Our vendors are saying they haven't done any work (hence don't have any building regs or guarantees for anything) while the house ad and the EA are selling it as newly refurbished! No building control sign off /completion certs for anything (including rooms knocked together, new bathroom and kitchen and chimney breasts removed), and survey simply points this out and says should get further surveys. WWYD?

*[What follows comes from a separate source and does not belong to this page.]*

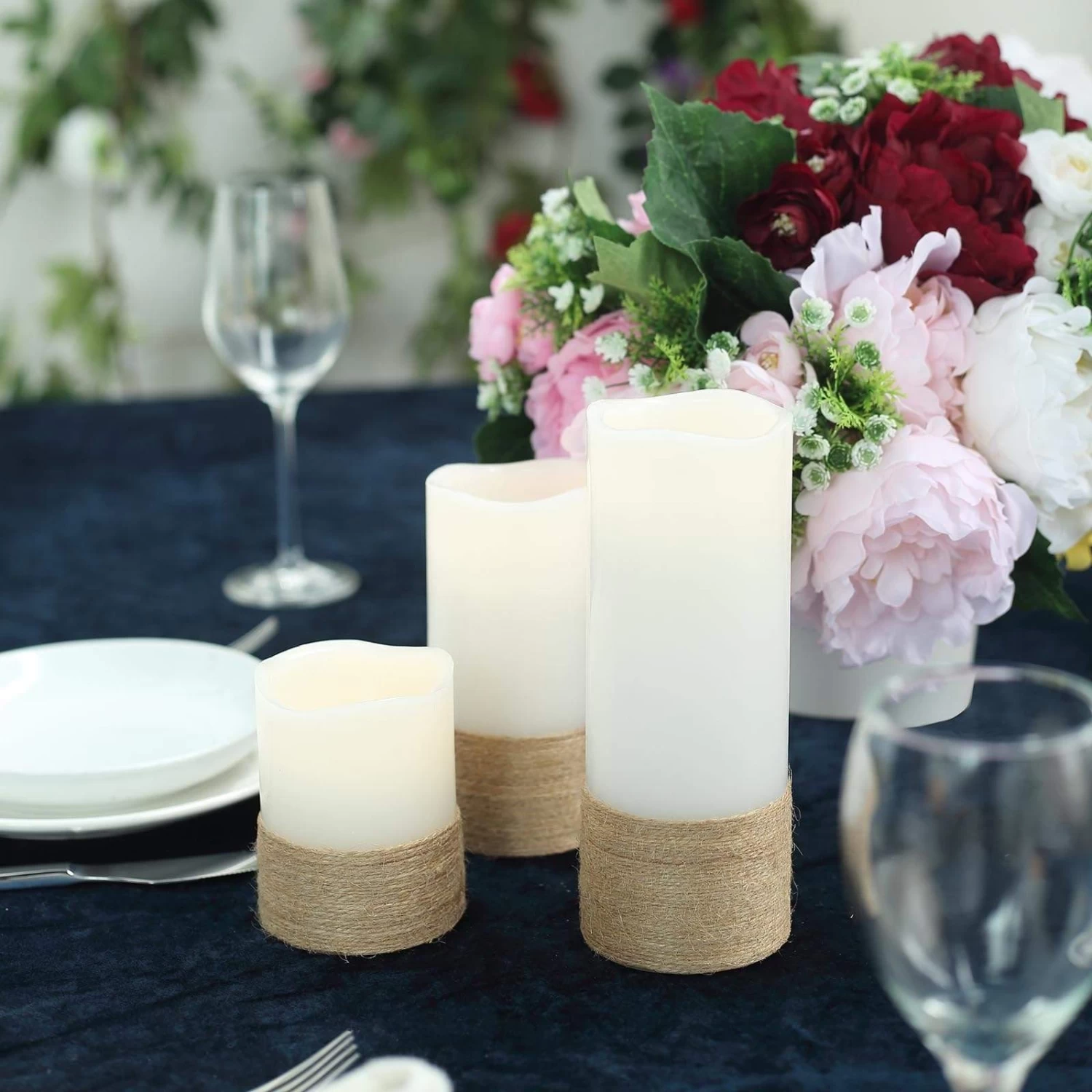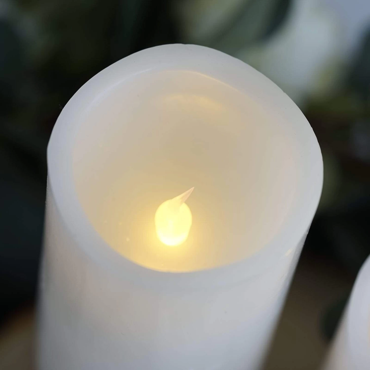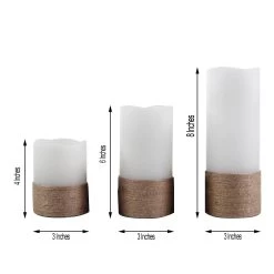 There are no more worries about burning flames or dripping wax with these charming LED candle lights! Featuring traditional pillar candles look with a wavy top and a remote control for time and mood setting, these LED candle lights are sure to create a romantic ambiance to your wedding, events, parties or even to your own home. Put them on your dinner tables and make every meal with your love ones extra special. These LED lights are battery operated with 3 AA batteries that are not included.

Spickle · 18/08/2017 18:22

messerish your solicitor will compare the sales particulars received from the EA with the answers given in the forms by the vendor and will realise that there is disparity between the two. Also the local authority search should show any planning applications or building regulations, so your solicitor will most certainly raise enquiries on all of the information they have been provided with. You could also query it yourself to your solicitor as a kind of heads up. This is why solicitors do wait until most of the documentation is in before they raise enquiries because they need to have the full picture.

messerish · 18/08/2017 18:36

Thanks Spickle - very helpful points you make. Unfortunately our solicitor didn't pick this up at all (I'll check that she's actually seen the particulars) and because none of the work was declared, there's nothing on the searches about it. The vendors have been asked to redo the property information form, as the first one was nonsense.

Spickle · 18/08/2017 18:39

messerish sometimes EAs don't send the particulars to the solicitor which is not helpful, particularly as solicitors don't visit the property. However, a good solicitor would always look up the property on rightmove if they are doing their job properly.

penstemon · 18/08/2017 18:44

I had a ridiculous exchange when first time buyers bought my Victorian maisonette as they wanted all sorts of information about the floorboards - how installed, type of wood etc. As far as anyone knew, they were the original floorboards so there was no paperwork at all relating to them. I had answered their other questions to the nth degree, taken out various bits of probably unnecessary indemnity insurance and just told them that I knew nothing beyond what I had originally told them in respect of the floorboards. They did buy it in the end.

BrandNewHouse · 18/08/2017 19:13

This reply has been deleted

Message withdrawn at poster's request.

messerish · 18/08/2017 20:44

BrandNewHouse, I'm getting inclined to agree with you. Is there anything in particular that makes you say this?

mistlethrush · 18/08/2017 21:02

Taking out chimney breasts and combining rooms could well require building regs and appropriate RSJs - if they've not done it properly you could be in for problems in the future.

messerish · 18/08/2017 21:32

mistlethrush, yes - i agree. Particular trouble with this one is that that work might have been done historically ie twenty years ago. With the vendors not being transparent on the work that they've done we don't know whether they bought it that way or not.